Fig. 7.. Systemic administration of BIA or PPRX-1701 in combination with cisplatin treatment shows enhanced preclinical efficacy in murine GBM models.

(A and C) Diagrams of the experimental design for G34-PCDH and G9-PCDH xenograft efficacy studies using BIA/PPRX-1701 and cisplatin combinations. Both panel figures were generated using Biorender.com. (B) Efficacy studies of G34-PCDH xenograft using BIA and (D) PPRX-1701 in combination with cisplatin. For PPRX-1701 studies, empty nanoparticles were used as controls and in combination with cisplatin. N = 8 per group. Log-rank test analysis for statistical significance. (E) Confocal IF imaging of γH2AX (Alexa Fluor 647, red) nuclear foci from tumor tissue collected from study (D).

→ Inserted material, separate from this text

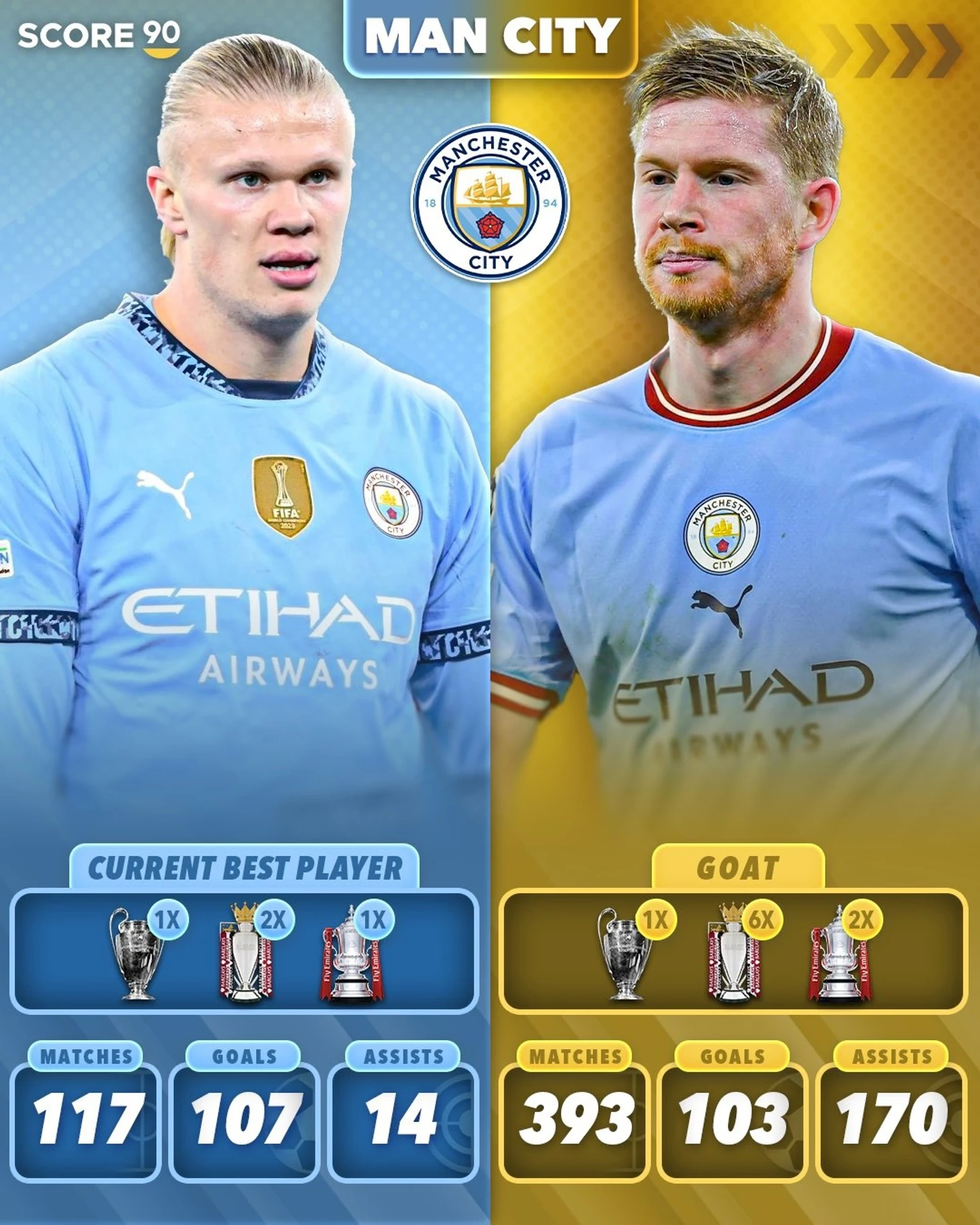 У «горожан» соревноваться будут одноклубники. Де Брюйне в статусе легенды «Сити» уступает Холанду лишь по голам, у Эрлинга на четыре мяча больше.

Nuclei were stained with Hoechst 33342 (blue). Representative pictures taken at 20×. Scale bar, 50 μm. (F) Quantification of γH2AX foci from (E) using ImageJ, n = 6 per group. Ordinary One-way ANOVA was performed for statistical evaluation. *P = 0.01 and **P = 0.0086. (G) Schematic of proposed model of BIA/PPRX-1701 mechanism of action and its effects in GBM tumor drug delivery and antioncogenicity. Figure panel was generated using Biorender.com.